Located near homes and schools, Taylor will also emit a cocktail of heavy metals like lead, arsenic, chromium and cadmium, as well as dioxin, one of the most deadly substances known to man. Why so much pollution out the stack? Because they’ll be burning garbage, including plastics – and also, construction and demolition debris, which contains wood that’s been pressure-treated with a cocktail of copper, chromium, and arsenic (the facility will test for metals contamination in its feedstock once a month – there, don’t you feel better?). No pollution control technology can capture 100% of contaminants, and no “sorting procedure” can eliminate contaminated wood from the fuel stream, as tests have demonstrated (see report on the inadequacies of C&D sorting for a waste-burner proposed in Massachusetts).

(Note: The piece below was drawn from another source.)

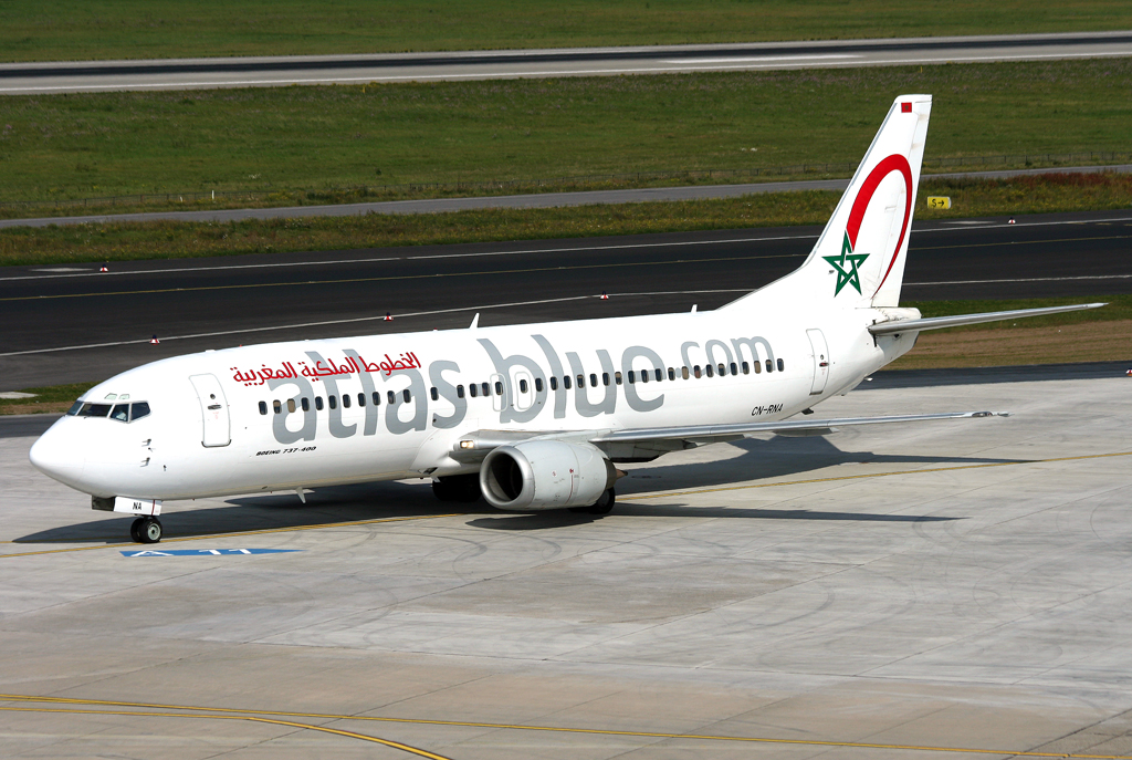 Atlas Blue B737-400 CN-RNA rollt zum Gate in DUS / EDDL / Düsseldorf am 20.09.2008

The latest “bump in the road” for the project is that the Taylor project’s local permits have been ruled illegal by a judge that found proper reviews had not been conducted, but construction on the plant is continuing in the meantime. Another snag is that Orange county doesn’t want to be locked into sending its garbage to the facility for the next 20 years (incinerators need fuel… otherwise they don’t operate and make money. So woe betide the community that finds a cheaper or more environmentally friendly option for disposal).
Taylor is in a hurry to get built. Having the project underway means it can qualify not only for the loan guarantee, but also for a 30% reimbursement of the $160 million development costs (more Stimulus money, also courtesy of the American Taxpayer) – a program for which the facility appears to have applied. Just to be clear – this $48 million gift will be in addition to the $100 million loan guarantee.
Orange County and Montgomery administrators, to say nothing of the DOE loan program administrators, may want to take a look at another burg that pinned their hopes on a garbage incinerator – Harrisburg, PA, where a botched project burned through the money faster than the trash, leaving the city in bankruptcy as of this month.
Speaking of the Taylor project, Senator Charles Schumer (D-NY) claims that the plant will generate energy while "reducing trash and producing no pollution...all the while creating jobs and badly needed economic activity”. “No pollution”? From where we sit, it looks like the biggest thing this facility is going to generate is pollution… while burning through a lot taxpayer money. Buyer beware.